Why did this happen? How did Davutoglu fail after seeming to be on the verge of such great success? Now, it is my turn to prepare the answer in five points, which Davutoglu may divide into 15 if he so chooses.

1. Davutoglu did not, could not or did not want to recognize that there were other outside global forces that had cleared an area in the Middle East for the AKP government to enter, and his earlier successes were largely because of this.

2. Instead of practicing politics that were in line with the relative power of Turkey, he practiced politics that would require far more than the power Turkey actually possesses. Then, when he was challenged many times to put his money where his mouth is, he was left with no other answer than “No one should try to test our power.”

3. He could not understand that the Middle East does not stand still as it might seem in academic textbooks. He did not learn the lessons from the adventures of many mighty men who tried to conquer the Middle East, and ended in tragedy. He could not grasp the challenge that he was facing the most complicated and dangerous area in the world.

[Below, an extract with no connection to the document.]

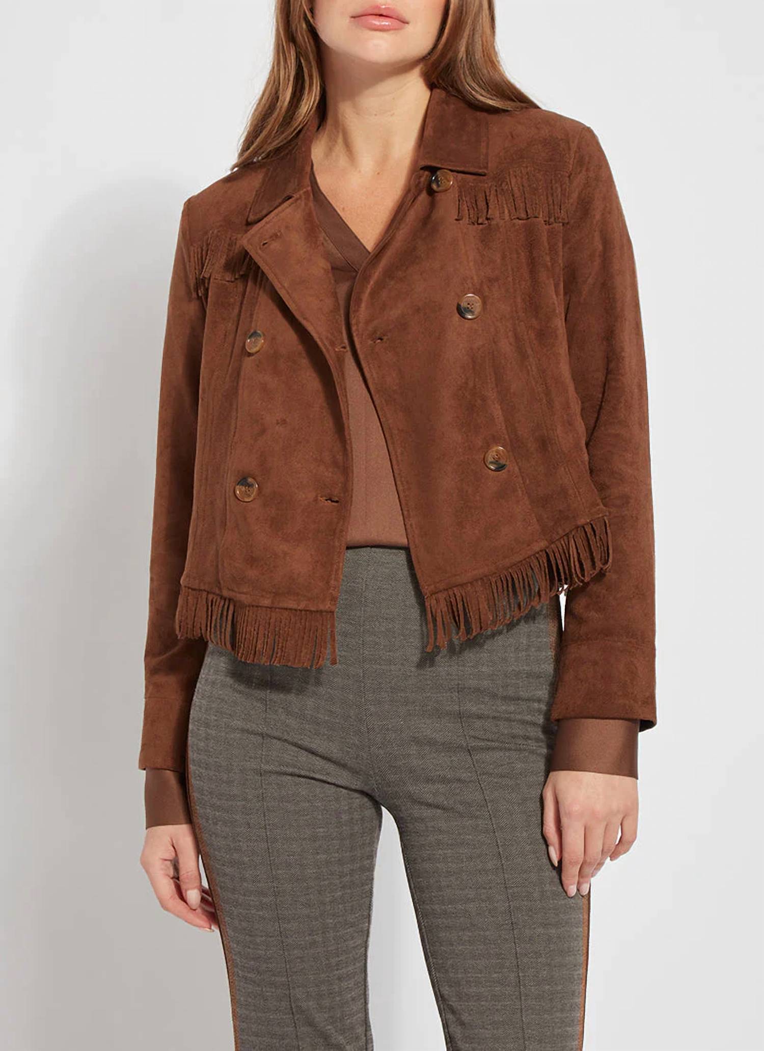 Cute, casual, and comfortable. This jacket is a must have.Double-breasted jacket with end-cut fringe detailing, the Zora Fringe Suede Jacket offers a slim, cropped shape, side welt pocket, wrist slits and faux horn buttons. Unlined with satin piping inside. Vegan suede. Model is 5’10”, wearing size S.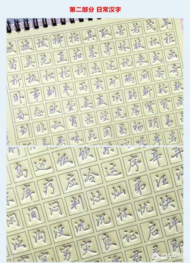 每次吃完饭以后,我都会练十多分钟的这种凹槽板。时间用的虽然不多,但是每一次练的时候我都会认真的感受,每一个笔画的走向,横折应该在哪个地方折,捺应该怎么写,我都会非常认真的想,非常认真的记。所以后来书写的进步非常的大。后来我女儿学书法的时候,她的书法老师教了她一个非常好的方法,就是每次写完一排以后一定要对照范字,看一看自己的这排字里哪几个字写得最像范字。在对照的过程当中,就建立了一种有美感的字应该怎么写的概念。我觉得这也是练字能够突飞猛进的好方法。

4. In the first term, he was following the hope of a “peaceful and prosperous Middle East,” and in the second term he cast Turkey as a power broker, saying “Not a single leaf stirs in the Middle East without our knowledge.”

5. While he was supposed to not repeat the mistakes of the traditional foreign politics of Turkey, he simply dismantled it. He could not benefit from the experienced corps of Turkish diplomats, and ultimately failed to understand that there are times in diplomacy when tradition is the most precious value.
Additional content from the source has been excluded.